July 3, 2017, Saint-Ismier (France.)

It is a summer of wide traveling, and I revel in my good fortune, and dwell in my silent wounds, that stubborn gift.
The landscape changes. The thoughts come and go, incessant, and the joy is there too. I am in the country I grew up in, France, visiting my aging mother, and I feel like a stranger, and the thoughts follow me, with the wild breath of the horizon on their tail.
The boys like the food here, and it is good, and we revel in it, and laugh. The bread, hard crust, the infinity of cheeses, raw milk at its best, the yoghurt aisles that stretch on and on, that sort of hard salami that you can only find here and that my mother sent me once in a package only to have it confiscated at customs and a stern note slipped in admonishing me that it is illegal to ship meat and I will be prosecuted (but I didn’t do anything! I protested silently, while also silently bemoaning the waste of such good food.)

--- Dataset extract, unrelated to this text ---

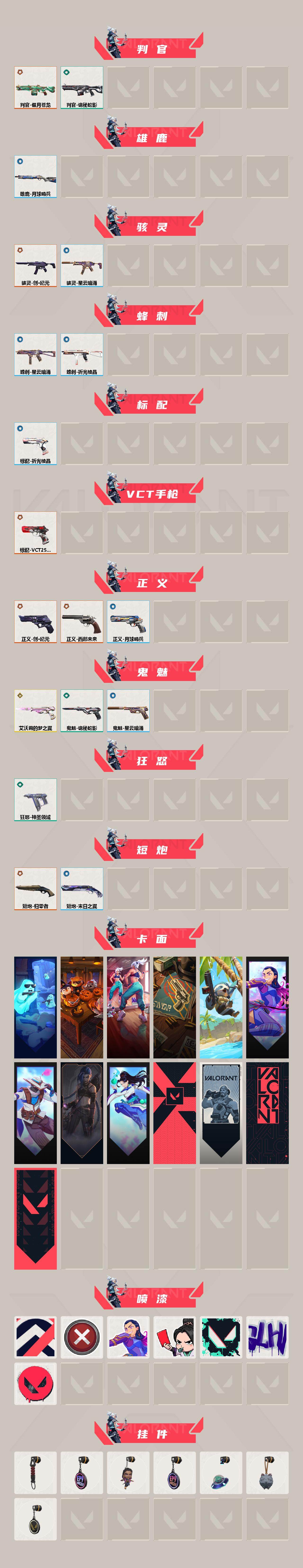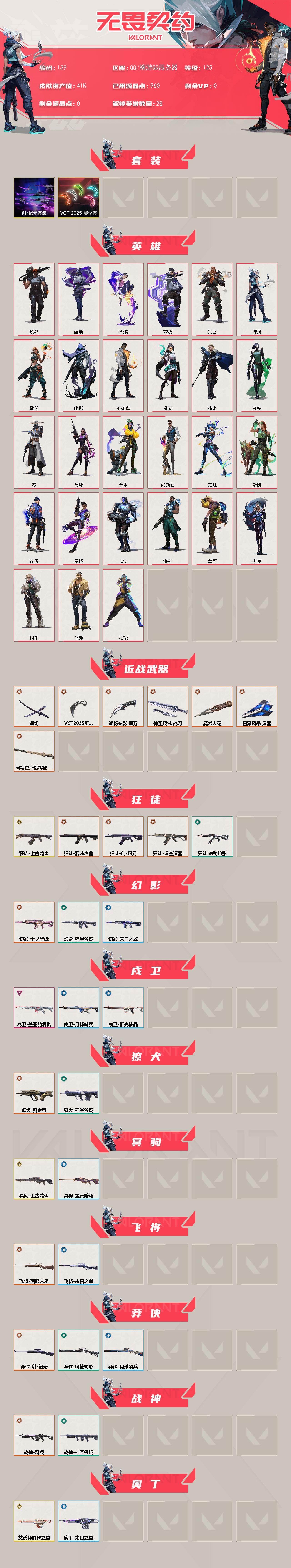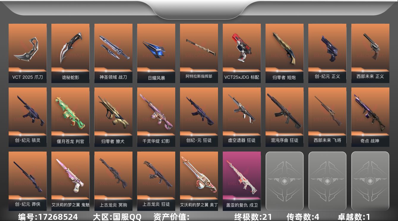 [17268524]【139】【套装】:VCT 2025 赛季套装,创·纪元套装 【英雄】:幻棱,炼狱,维斯,暮蝶,钛狐,壹决,铁臂,捷风,雷兹,幽影,不死鸟,贤者,猎枭,蝰蛇,零,芮娜,奇乐,尚勃勒,霓虹,斯凯,夜露,星礈,K/O,海神,盖可,黑梦,钢锁 【近战武器】:近战武器-魔术火花,近战武器-VCT 2025 爪刀,近战武器-镭切,近战武器-诡秘蛇影 军刀,近战武器-神圣领域 战刀,近战武器-日耀风暴 遗器,近战武器-阿特拉斯指挥部 甩棍,近战武器-魔术火花 【狂徒】:狂徒-上古龙炎,狂徒-混沌序曲,狂徒-创·纪元,狂徒-虚空遗器,狂徒-诡秘蛇影 【幻影】:幻影-千灵华绽,幻影-神圣领域,幻影-末日之翼 【戍卫】:戍卫-盖亚的复仇,戍卫-月球哨兵,戍卫-折光棱晶 【獠犬】:獠犬-归零者,獠犬-神圣领域 【冥驹】:冥驹-上古龙炎,冥驹-星云暗涌 【飞将】:飞将-西部未来,飞将-末日之翼 【莽侠】:莽侠-创·纪元,莽侠-诡秘蛇影,莽侠-月球哨兵 【战神】:战神-奇点,战神-神圣领域 【奥丁】:奥丁-艾沃莉的梦之翼,奥丁-末日之翼 【判官】:判官-偃月苍龙,判官-诡秘蛇影 【雄鹿】:雄鹿-月球哨兵 【骇灵】:骇灵-创·纪元,骇灵-星云暗涌 【蜂刺】:蜂刺-星云暗涌,蜂刺-折光棱晶 【标配】:标配-折光棱晶 【VCT手枪】:标配-VCT25 x JDG 【正义】:正义-创·纪元,正义-西部未来,正义-月球哨兵 【鬼魅】:鬼魅-艾沃莉的梦之翼,鬼魅-诡秘蛇影,鬼魅-星云暗涌 【狂怒】:狂怒-神圣领域 【短炮】:短炮-归零者,短炮-末日之翼 【卡面】:精灵大战 卡面,南瓜盛典 卡面,热舞环节 卡面,正义的化身 卡面,树懒大作战 卡面,无畏契约GO!第一卷:芮娜 卡面,无畏契约GO!第一卷:零 卡面,《双城之战》金克丝 卡面,无畏契约GO!第一卷:贤者 卡面,代号红色 卡面,新兵报到 卡面,V契约 卡面,无畏契约 卡面 【喷漆】:控场勿近 喷漆,买装还是存钱 喷漆,无畏契约GO!第一卷:芮娜 喷漆,红牌退场 喷漆,胜利属于无畏契约 喷漆,GLHF 喷漆,无畏契约 喷漆 【挂饰】:伞绳 挂饰,第九季//第三幕 纪念币 挂饰,无畏契约GO!第一卷 芮娜 挂饰,第九季//第二幕 纪念币 挂饰,天外飞客 挂饰,《双城之战》魄罗 挂饰,无畏契约 纪念币 挂饰

I find the voices judging, they open old thoughts. It is all in my head.
The sights are wonders, majestic mountains here, the multifaceted beauty of Paris - but for its trail of memories, even the careful arrangement of macaroons in the window of a bakery. The art of eating for the sake of its pleasure has to please the eyes too. It is all an elegant feast.
I feel like a stranger, in my longing for the clamors of the New World plundered. My thoughts yank me there, the wounds whispering.